- Philip and Anna Parrish Kirchner Log House
- U.S. National Register of Historic Places
- Location: 4969 120th Ave.
- Nearest city: Peterson, Iowa
- Coordinates: 42°55′42″N 95°20′48″W﻿ / ﻿42.92833°N 95.34667°W
- Built: 1867
- Built by: P. & A.P. Kirchner
- NRHP reference No.: 93000897
- Added to NRHP: September 2, 1993

= Philip and Anna Parrish Kirchner Log House =

Historic house in Iowa, United States

The Philip and Anna Parrish Kirchner Log House is a historic building located north of Peterson, Iowa, United States. The Kirchners moved from the Albany, New York area to southwest Clay County in 1867, and built this log house the same year. It is located on part of the property that his older brother A.J. "Gust" Kirchner claimed in 1856. They were among the first Caucasian settlers in the county. A summer kitchen was later added to the west side of the house and a blacksmith shop onto the north side.

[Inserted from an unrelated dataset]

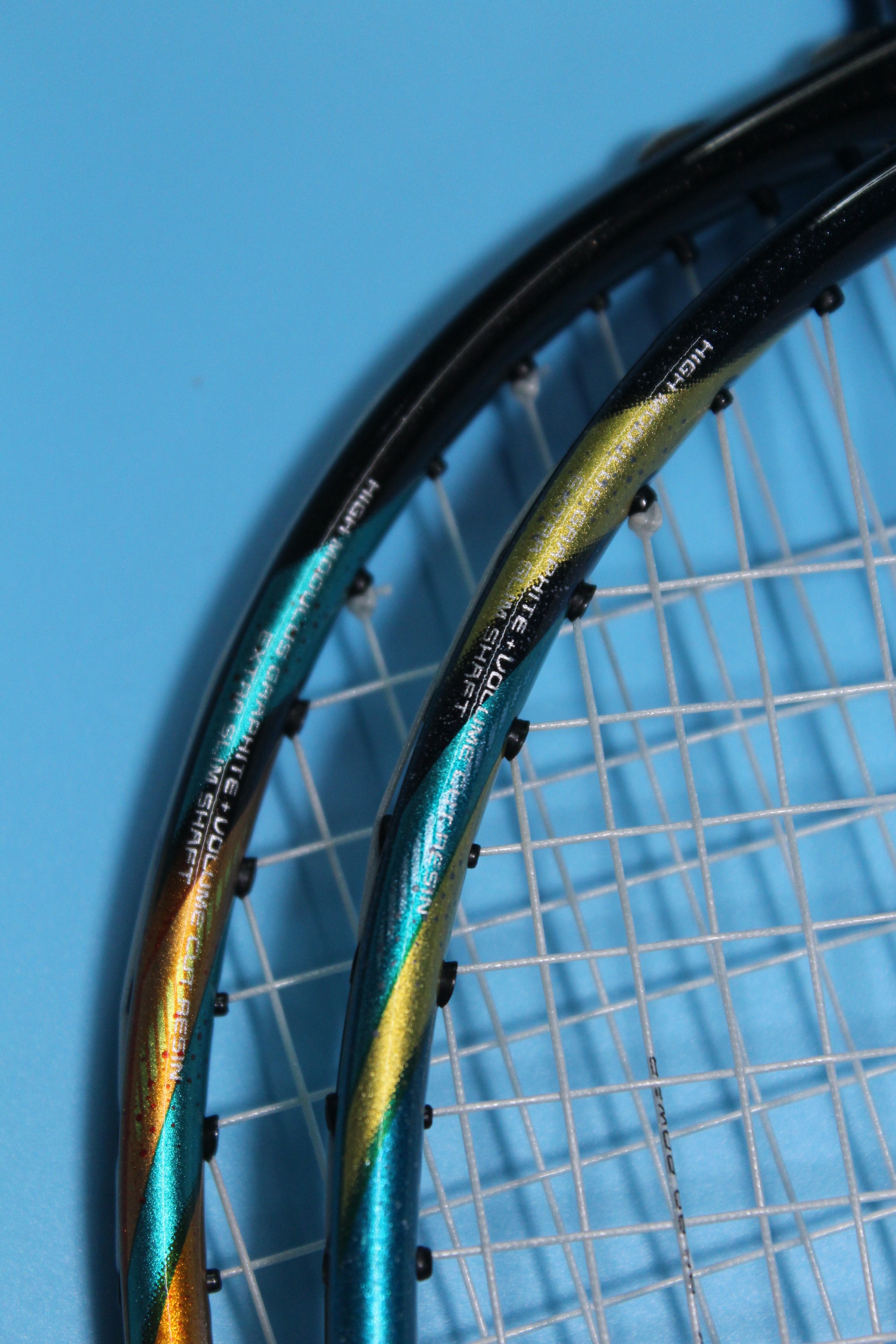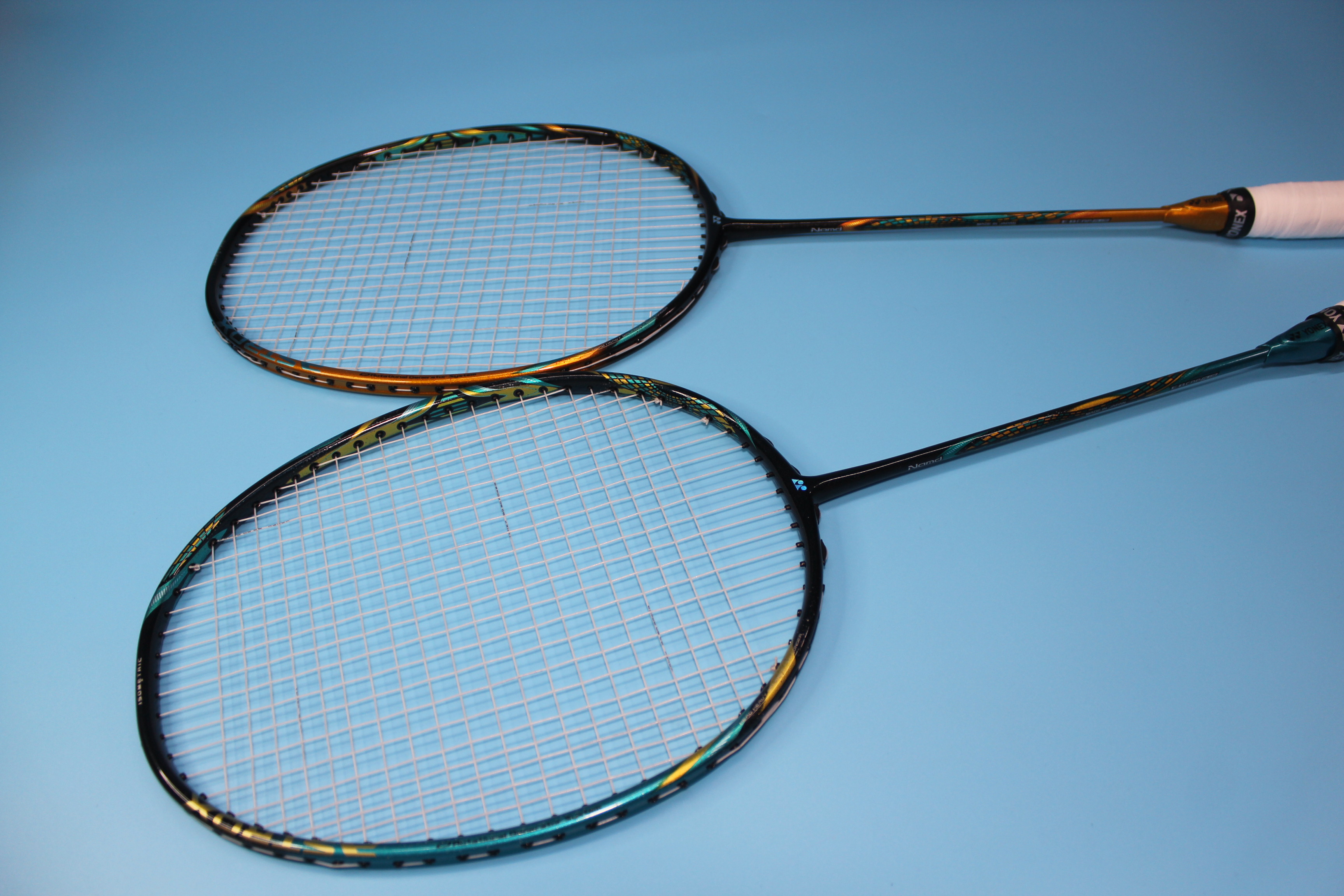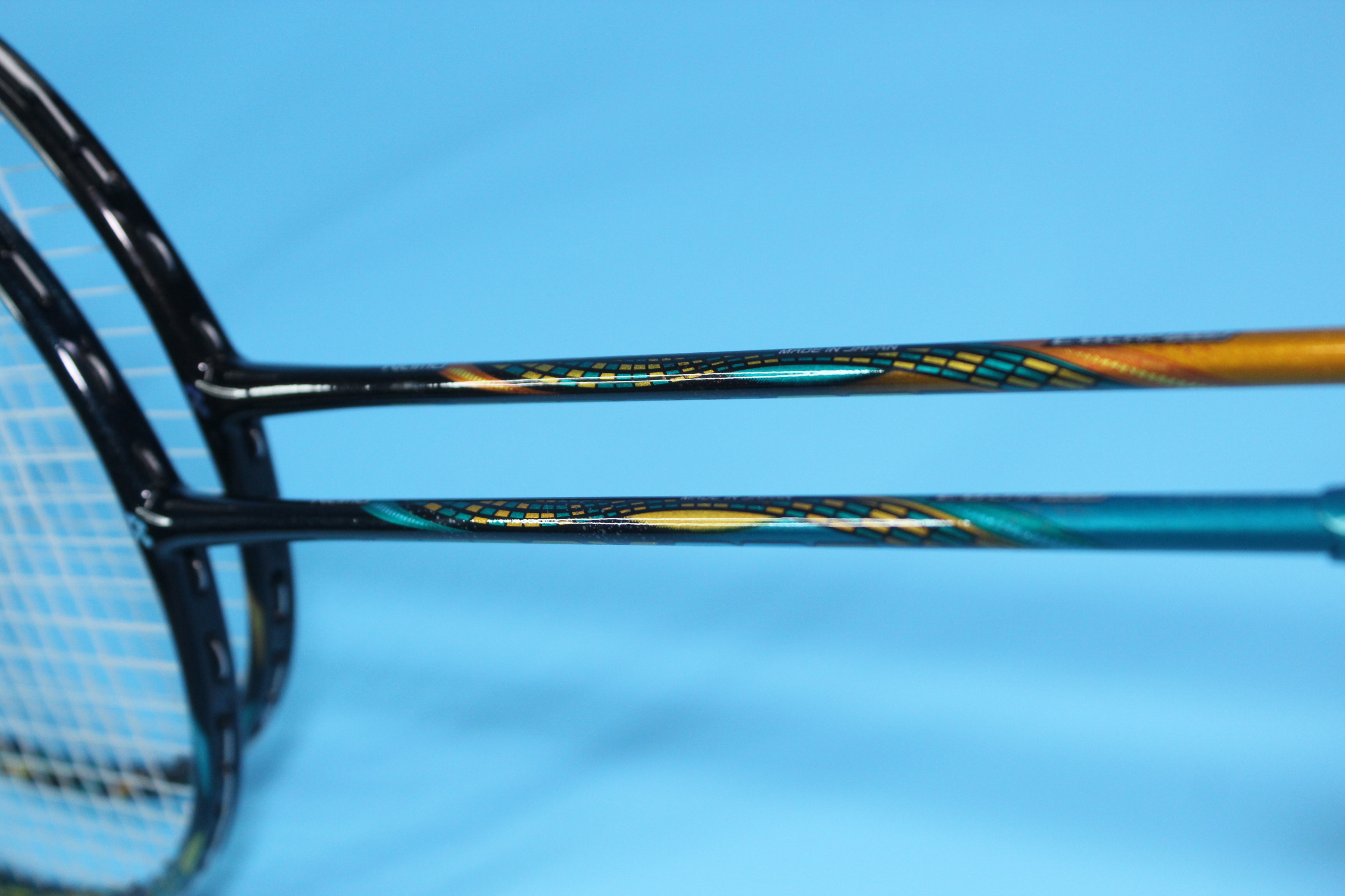 两支球拍均采用星空黑的烤漆为底色。 以活泼灵动的青绿来作为分工前场的主打灵动组织进攻的AX88SPRO再好不过了, 而以雍容华贵的黄金作为担任后场的稳定输出一锤定音的AX88DPRO也合情合理。

The Kirchners lived here until they built a two-story frame house nearby in 1882. Philip's sister, Charlotte Kirchner Butler, bought the property after his death and restored the log house to its original condition around 1910, which meant the removal of the summer kitchen and the blacksmith shop. The property remained in the family until at least the 1990s, and housed a display of family artifacts. The house was listed on the National Register of Historic Places in 1993.